Rapid Fire Abstracts
Nicolás Garrido, BEng, BSc
PhD Student
iHEALTH Millenium Institute / Pontificia Universidad Católica de Chile, Chile
Nicolás Garrido, BEng, BSc
PhD Student
iHEALTH Millenium Institute / Pontificia Universidad Católica de Chile, Chile
Carlos A. Castillo Passi, PhD
Research Engineer
Pontificia Universidad Catolica de Chile, Chile
Claudia Prieto, PhD
Professor and Director for Research and Innovation
School of Engineering, Pontificia Universidad Católica de Chile, Chile
Rene Michael M Botnar, PhD
Director and Professor
Institute for Biological and Medical Engineering
UC Chile, Chile
Contemporary low-field MRI at 0.55T has been introduced to improve affordability and accessibility of cardiac MRI [1]. T1 and T2 mapping provides insights into fibrosis and inflammation. However, clinical methods require breath-holding, sequential 2D scanning, complex planning and have limited coverage. A recently developed technique at 1.5 T enables efficient, free-breathing 3D joint T1-T2 mapping in a single scan [2]. We propose to adapt this sequence to 0.55T to improve affordability and accessibility. Furthermore, we sought to implement it using Pulseq [3], an open-source sequence definition software, to allow vendor-independent evaluation and reproducibility.
Methods:
The proposed ECG-gated free-running sequence was adapted to work at 0.55T. See Fig. 1 for the full framework diagram. The sequence consists of 3 repeating shots with a continuous acquisition of 156 dual-echo spoiled GRE readouts with a 3D golden-angle radial trajectory. Each shot interval is preceded by an inversion recovery (IR) pulse or IR-T2-preparation (T2-prep) with echo times of 30 and 60 ms for T1 and T2 encoding (Fig. 1a). The shot interval has a length of 2000 ms and the total number of shots was 180. Main acquisition parameters in-vivo were FOV=200×200×200mm3, spatial resolution 2mm3 isotropic, TR = 11.9ms, TE = 2.6/6.47 ms, FA = 8°, acq. time = 6min.
Data is binned based on the time after the R-wave to reconstruct the desired cardiac phase, and into L=36 different T2-prep/IR bins (Fig. 1a). The reconstruction of the L contrasts per shot (temporal resolution = 155ms) was performed using iterative SENSE [4], along with patch-based low-rank regularization (HD-PROST) [5] and dictionary-based low-rank inversion for each cardiac phase (Fig. 1b). Respiratory motion was not addressed in this pilot work.
Water-fat separation is performed using a 2-point Dixon technique [6] (Fig. 1c).

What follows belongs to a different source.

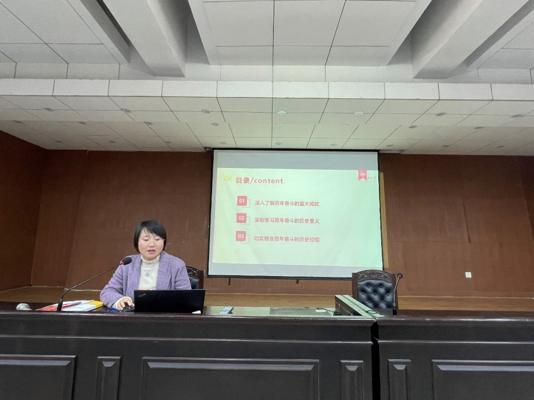 在报告厅举行2021年度下学期第二次全体教职工政治理论学习,院党委副书记、纪委书记罗英带领大家认真学习党的十九届六中全会精神。

Then, a phase-sensitive dictionary matching was performed on the water images with a dictionary generated using Bloch simulations [7] (Fig. 1d).
Results: Phantom results (Fig. 2) show good agreement between the proposed sequence and Spin-Echo reference maps. T1 values show good correlation for the entire range, while a good agreement was found for T2 in the range of interest (under 60 ms).
In-vivo results in short axis views for 10 different slices are shown in Fig. 3 reconstructed at diastole. Average T1/T2 values in a selected slice are 709±71/53±9 ms for systole, and 745±64/56±7 ms for diastole. T1 values are consistent with those reported in the literature (T1=701±24 ms), although overestimated in diastole. The T1 is higher than the literature values for both systole and diastole. Mean values and variance for T2 are consistent with those reported in the literature (58±6 ms) [8]. Remaining blurring is observed in the maps due to the lack of respiratory motion correction.
Conclusion:
In this work, we demonstrate the feasibility of 3D isotropic joint T1 and T2 maps at 0.55T in a single 6-min scan. Future work will focus on incorporating respiratory motion correction to improve image quality and quantification.